ENTRIES SUPPLIED:

----

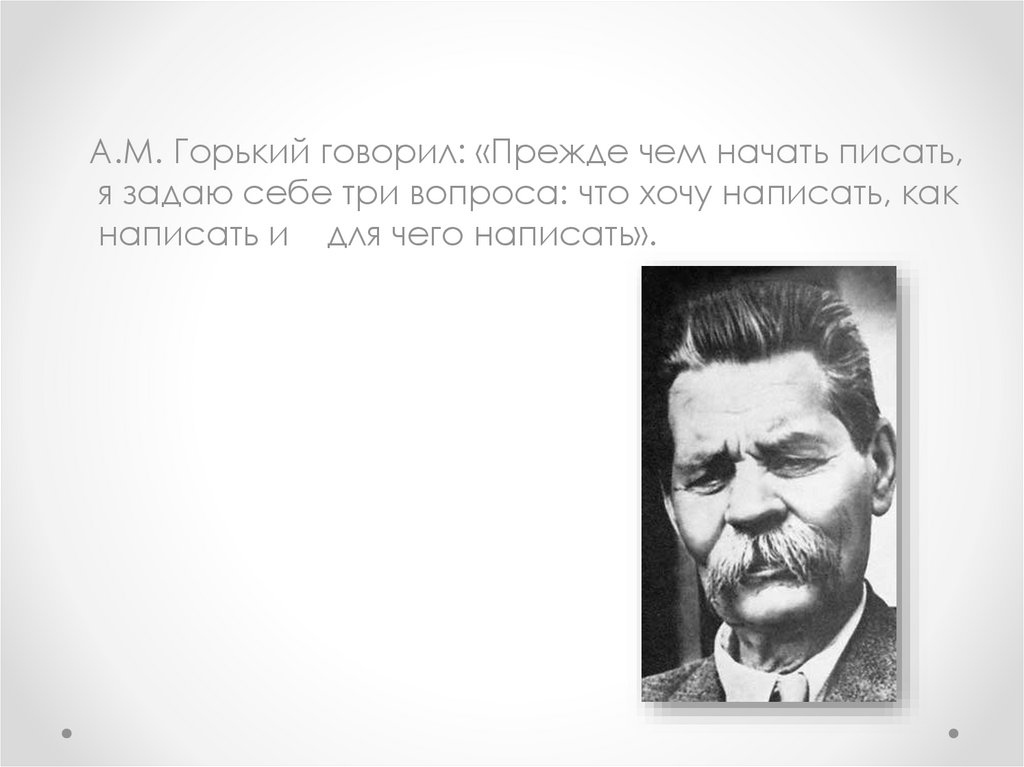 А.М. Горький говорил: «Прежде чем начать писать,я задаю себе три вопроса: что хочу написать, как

----

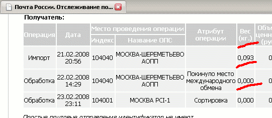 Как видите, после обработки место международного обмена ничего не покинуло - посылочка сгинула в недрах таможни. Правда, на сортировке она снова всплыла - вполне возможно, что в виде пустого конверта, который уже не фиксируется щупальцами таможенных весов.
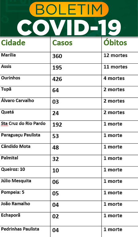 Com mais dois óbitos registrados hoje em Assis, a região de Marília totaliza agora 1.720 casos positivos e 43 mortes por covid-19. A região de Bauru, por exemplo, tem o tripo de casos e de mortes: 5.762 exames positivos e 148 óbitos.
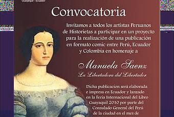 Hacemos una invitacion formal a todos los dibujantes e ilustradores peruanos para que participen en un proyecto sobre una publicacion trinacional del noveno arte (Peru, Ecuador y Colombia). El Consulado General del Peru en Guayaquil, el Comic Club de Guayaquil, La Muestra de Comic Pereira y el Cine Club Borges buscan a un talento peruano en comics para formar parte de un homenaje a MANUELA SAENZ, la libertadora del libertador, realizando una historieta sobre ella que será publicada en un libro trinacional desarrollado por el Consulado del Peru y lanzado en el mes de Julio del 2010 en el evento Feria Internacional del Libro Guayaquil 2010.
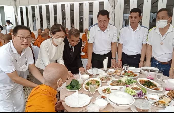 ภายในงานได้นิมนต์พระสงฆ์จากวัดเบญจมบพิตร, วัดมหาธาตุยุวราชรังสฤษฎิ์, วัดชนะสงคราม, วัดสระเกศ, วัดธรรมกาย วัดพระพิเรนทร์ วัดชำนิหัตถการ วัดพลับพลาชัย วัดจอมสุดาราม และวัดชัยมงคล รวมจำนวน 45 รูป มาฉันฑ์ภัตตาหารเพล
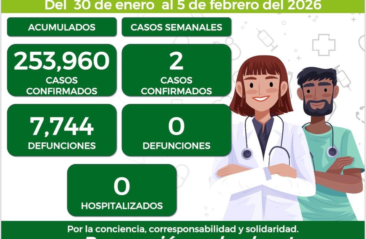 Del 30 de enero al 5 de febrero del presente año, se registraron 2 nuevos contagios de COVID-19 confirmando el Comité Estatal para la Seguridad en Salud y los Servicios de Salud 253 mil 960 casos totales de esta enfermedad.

----

TASK REQUIREMENTS:
What to print is the stretch of entries from the line with "Hacemos una invitacion" up to and including the line with "Del 30 de enero". Please print it exactly and leave out the pictures.

RESPONSE TO THIS EXERCISE:
 Hacemos una invitacion formal a todos los dibujantes e ilustradores peruanos para que participen en un proyecto sobre una publicacion trinacional del noveno arte (Peru, Ecuador y Colombia). El Consulado General del Peru en Guayaquil, el Comic Club de Guayaquil, La Muestra de Comic Pereira y el Cine Club Borges buscan a un talento peruano en comics para formar parte de un homenaje a MANUELA SAENZ, la libertadora del libertador, realizando una historieta sobre ella que será publicada en un libro trinacional desarrollado por el Consulado del Peru y lanzado en el mes de Julio del 2010 en el evento Feria Internacional del Libro Guayaquil 2010.
 ภายในงานได้นิมนต์พระสงฆ์จากวัดเบญจมบพิตร, วัดมหาธาตุยุวราชรังสฤษฎิ์, วัดชนะสงคราม, วัดสระเกศ, วัดธรรมกาย วัดพระพิเรนทร์ วัดชำนิหัตถการ วัดพลับพลาชัย วัดจอมสุดาราม และวัดชัยมงคล รวมจำนวน 45 รูป มาฉันฑ์ภัตตาหารเพล
 Del 30 de enero al 5 de febrero del presente año, se registraron 2 nuevos contagios de COVID-19 confirmando el Comité Estatal para la Seguridad en Salud y los Servicios de Salud 253 mil 960 casos totales de esta enfermedad.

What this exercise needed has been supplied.